Virga mengerjap. Benar-benar bingung. Sungguh, apa salahnya? "Kalau Kak Aksel lagi teleponan sama pacar Kakak pun, aku nggak protes, kok," ujar Virga, kalem. Dia ingat sekali, dia selalu menghabiskan waktu dengan mempelajari buku bahasa isyarat atau buku nonfiksi lain ketika Aksel sibuk dengan telepon mendadak pacarnya di pertemuan mereka. Dan Virga tidak pernah mempermasalahkannya. Manusia kan, selalu punya cara untuk membunuh kebosanan. Masa, Kak Aksel membunuh kebosanan beberapa menit aja nggak bisa, sih? Tinggal buka hape sama main game pun, jadi. Apalagi, hape dia pasti canggih, banyak fitur yang bisa dimainkan, pikir Virga. "Kak Aksel kenapa marah?"
Aksel terdiam. Dia tahu dia marah. Dia tidak terima. Kenapa pula Virga nggak peka, sih? batin Aksel. "Gue nggak suka aja lo dekat-dekat sama cowok kayak gitu. Asing. Bahaya."
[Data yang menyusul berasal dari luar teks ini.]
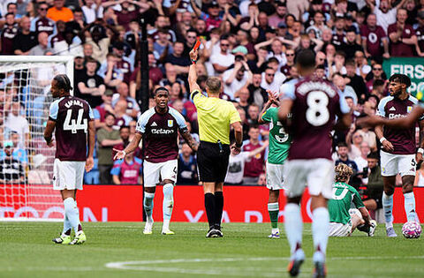 Attention returned to the action on the pitch when Villa were reduced to 10 men in the 66th minute.
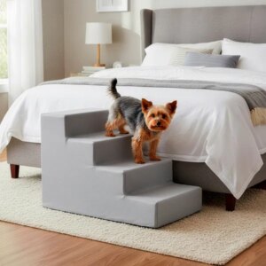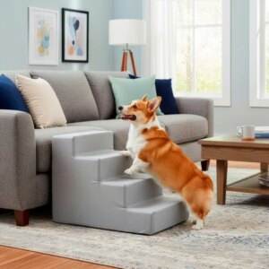 Biztonságos fel- és lejutás a kanapéra vagy az ágyra: ez a 4 lépcsős kutyalépcső kíméli az ízületeket, és stabil, kényelmes megoldást nyújt kölyök, idős vagy kisebb termetű kutyáknak.
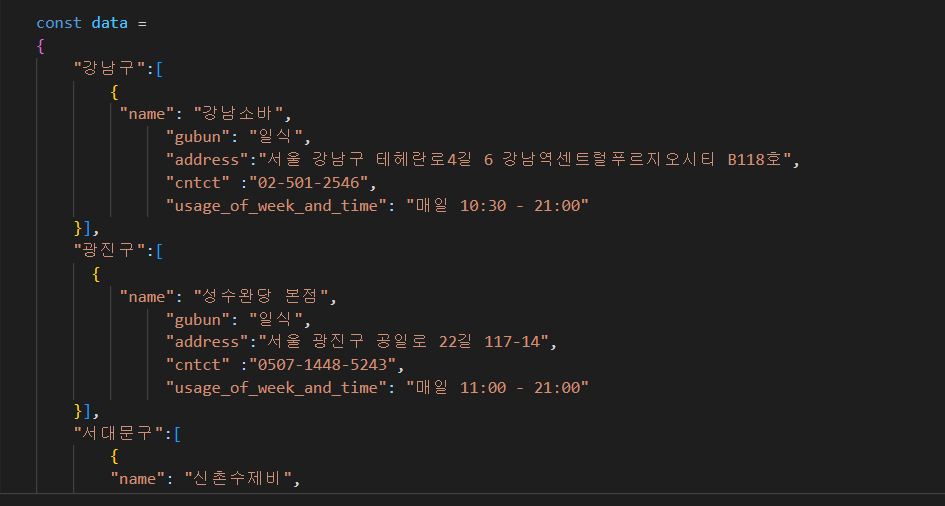 누를 때마다 데이터가 들어가고, data[currentGu]처럼 구를 특정하고,
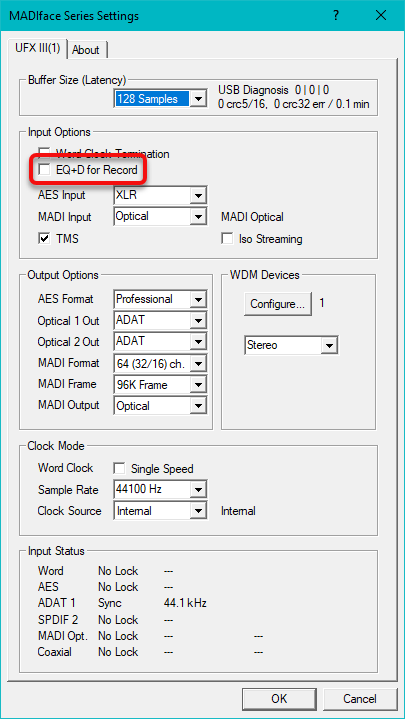 When the Fireface/MADIface Settings applet opens for the first time, it will look like the image below. Enable Input Options / EQ+D for Record.
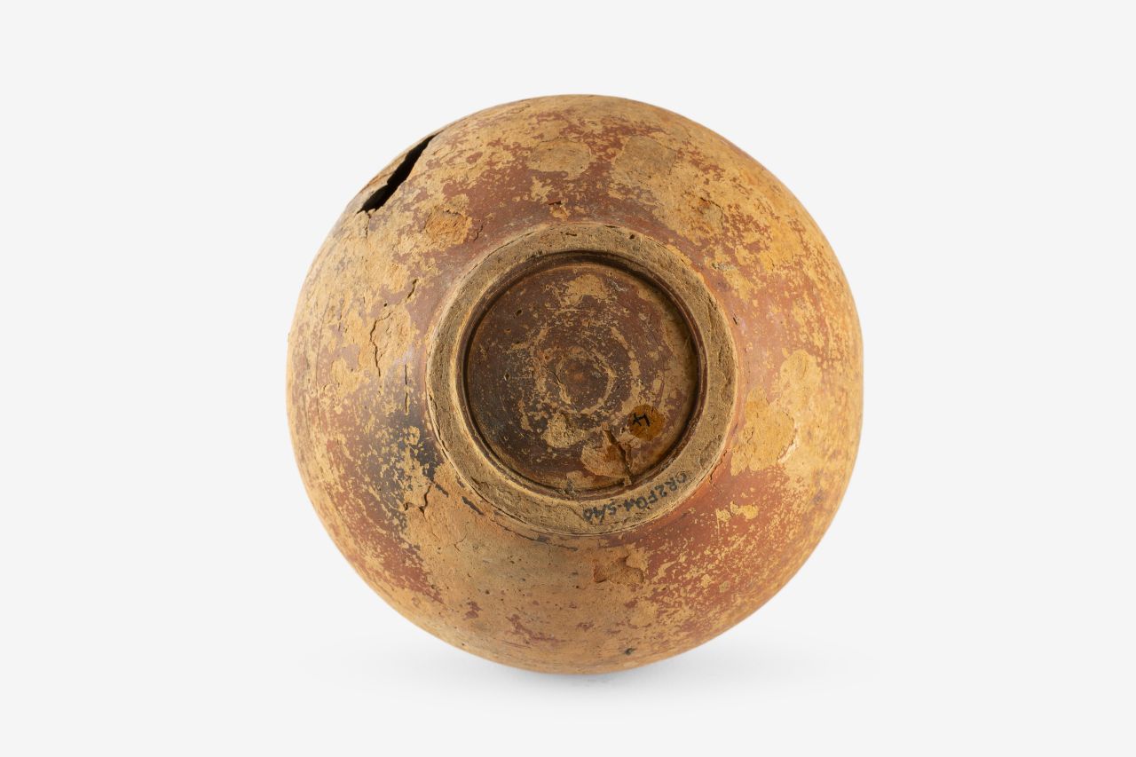 orlo assottigliato, labbro circolare, a disco, breve collo cilindrico, spalla arrotondata, corpo globulare con ventre arrotondato, piede ad anello, a sezione triangolare. Ansa verticale, a nastro, scanalata, impostata sotto l’orlo e sulla spalla, leggermente angolata. Vernice rossiccia

"Lah, kan, baru kenal. Toh aku juga nggak langsung nebeng ke dia atau main bareng dia. Cuma kenal lewat chat. Sama aja kayak punya teman sekelas baru, terus tukar kontak. Bedanya ini bukan teman sekelas, tapi orang asing baru lewat."
"Itulah, Vir. Dia orang asing. Lo nggak tahu apa-apa tentang dia. Nggak usahlah dekat-dekat sama si Virgo-Virgo itu."
"Wah, Kak Aksel kenapa jadi mengatur-ngatur hidupku begini?"
Aksel bungkam.
Ya, kenapa dia jadi mau mengatur hidup Virga? Kenapa dia merasa begitu takut kehilangan gadis itu? Dia sudah merasakan rasa hilang ini sedari awal mengetahui bahwa Virga akan pergi. Besok. Dan setelah ini, dia takkan melihat Virga lagi selama setahun atau bisa jadi lebih.
Terkadang memang sesuatu baru terasa berharga begitu kehilangan.
Virga menunggunya dengan wajah datar. Sementara Aksel tak tahu harus menjawab apa. Haruskah sekarang? pikir Aksel. Harus sekarang gue ngomong hal ini?
"Kak, kenapa?" tanya Virga.
Aksel kini menatap Virga dengan dalam. Because I love you, Virga, ujarnya dalam hati. I love you. I really do. I fall hard for you and I always do. You can become my whole universe at an instance. You are my inner peace and you are my home. I don't want to lose you.
Namun, Aksel tak mengucapkan itu semua.
Dia simpan itu dalam memori. Sebab dia tahu, ini belum saatnya.
Pada akhirnya, Aksel hanya tersenyum. Lantas berkata, "Sorry, I was being an overprotective big brother just then. Sekarang mending kita nonton aja."
Virga mengangguk, lalu berjalan ke arah studio sesuai tiket. Aksel mengikuti dari belakang. Bahkan setelah selesai menonton, setelah Virga kembali ke rumahnya, setelah esok dia berangkat di bandara, Aksel masih tak mampu mengucapkan kata-kata itu.
Dia takut dengan konsekuensi yang menyertai.
Sebab dia tidak pernah dan tidak mau ditolak, apalagi oleh gadis yang sangat, sangat dicintainya.
[ ].
A/N
Sebegitu kuatkah chemistry Virgaksel buat kalian? Ahahaha.